If $\displaystyle a<b$ then swap a and b...

Kind regards

$\displaystyle \chi$ $\displaystyle \sigma$

3. Originally Posted by malaguena
Hello,
I have very big numbers that overflow as an integer value. Therefore, I keep the logarithms of those values. The problem is that: I need log(a+b) but I only know loga and logb. How can I approximate to find log(a+b)?
Thanks.

But if $\displaystyle a\ge b$

$\displaystyle \ln(a+b)\approx\ln(a)+\left[ 0.985605 \left(\frac{b}{a}\right)+0.111097 \left(\frac{b}{a}\right)^2-0.403140\left(\frac{b}{a}\right)^3\right]$

and if $\displaystyle b \ge a$

$\displaystyle \ln(a+b)\approx\ln(b)+\left[ 0.985605 \left(\frac{a}{b}\right)+0.111097 \left(\frac{a}{b}\right)^2-0.403140\left(\frac{a}{b}\right)^3\right]$

With absolute error $\displaystyle <0.0007$ over the appropriate interval for each of the approximations

CB

4. More specifically problem is exactly like this: I need to calculate this: dk=alpha*gamma(nk)+dleftk*drightk
alpha is a small double value here.
gamma(nk)=(n-1)! (overflows for big integers - where nk is an integer value)
dleftk and drightk are calculated recursively according to the same equation. Therefore, I have log(gamma(nk)) and log(dleftk*drightk) and I need to calculate dk.

dk is calculated for a tree, and here dleftk and drightk represent the children of the node dk.

I thought keeping the logarithms will be easier, but any other solution will be appreciated as well.

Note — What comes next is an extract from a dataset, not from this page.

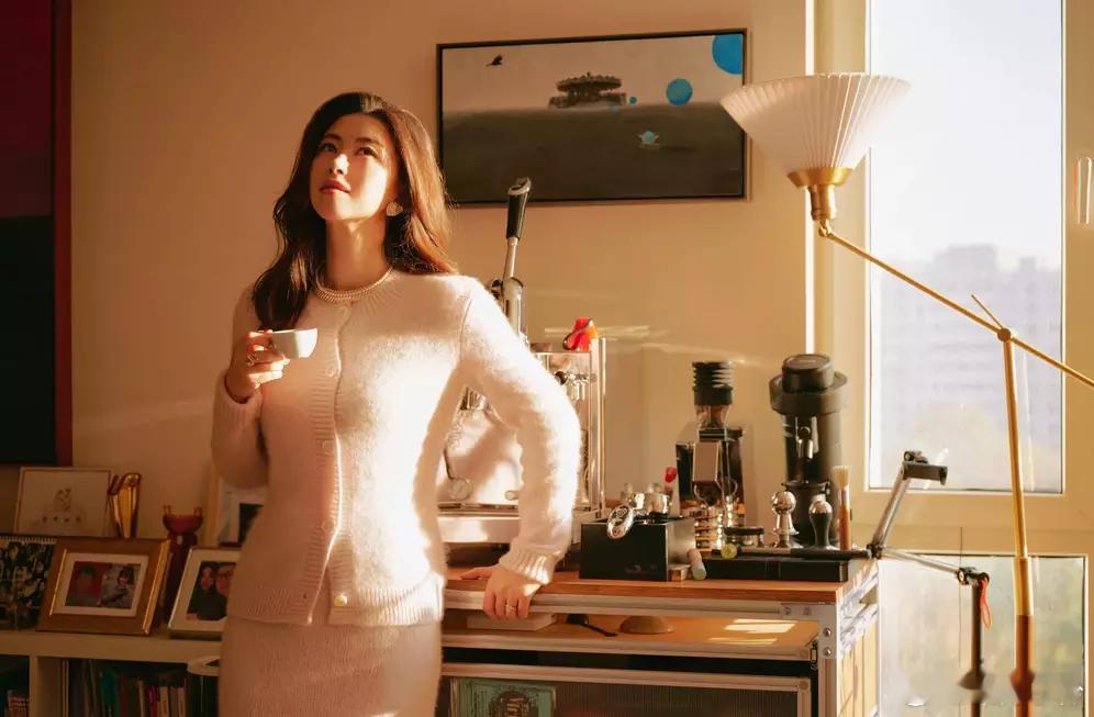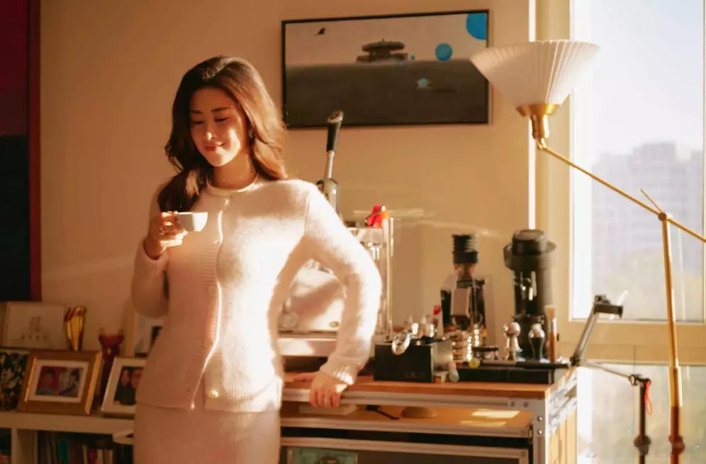 朱珠妆容精致,身着粉色针织开衫,佩戴珍珠项链与戒指,在暖光下涂口红,尽显优雅知性。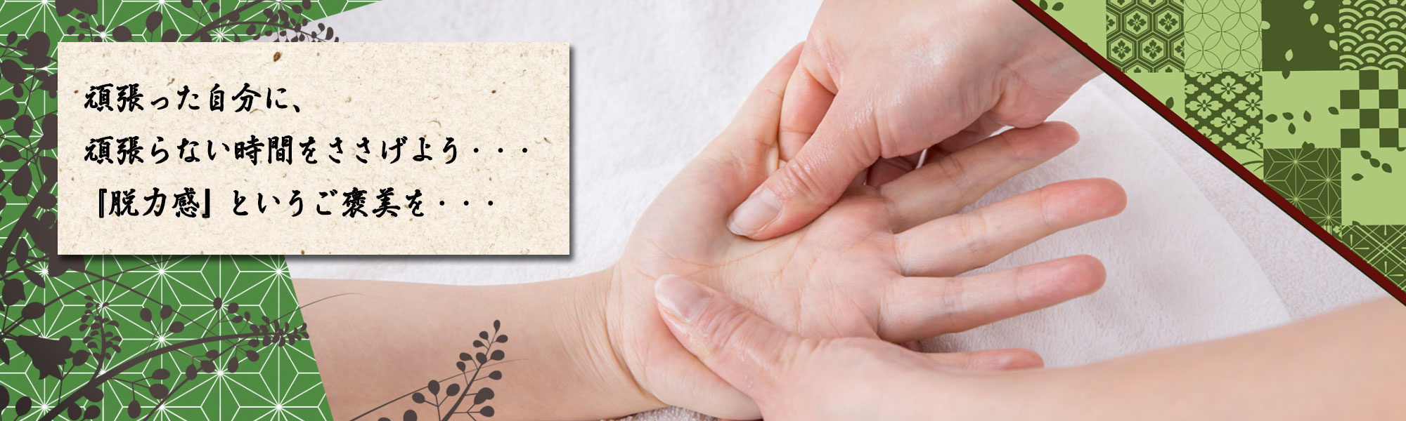 手の平、甲、肘までを揉み子さんが優しく丁寧に揉み解し心身共に、体の力を

5. Originally Posted by CaptainBlack

CB
More specifically problem is exactly like this: I need to calculate this: dk=alpha*gamma(nk)+dleftk*drightk
alpha is a small double value here.
gamma(nk)=(n-1)! (overflows for big integers - where nk is an integer value)
dleftk and drightk are calculated recursively according to the same equation. Therefore, I have log(alpha*gamma(nk)) and log(dleftk*drightk) and I need to calculate dk.

dk is calculated for a tree, and here dleftk and drightk represent the children of the node dk.

I thought keeping the logarithms will be easier, but any other solution will be appreciated as well.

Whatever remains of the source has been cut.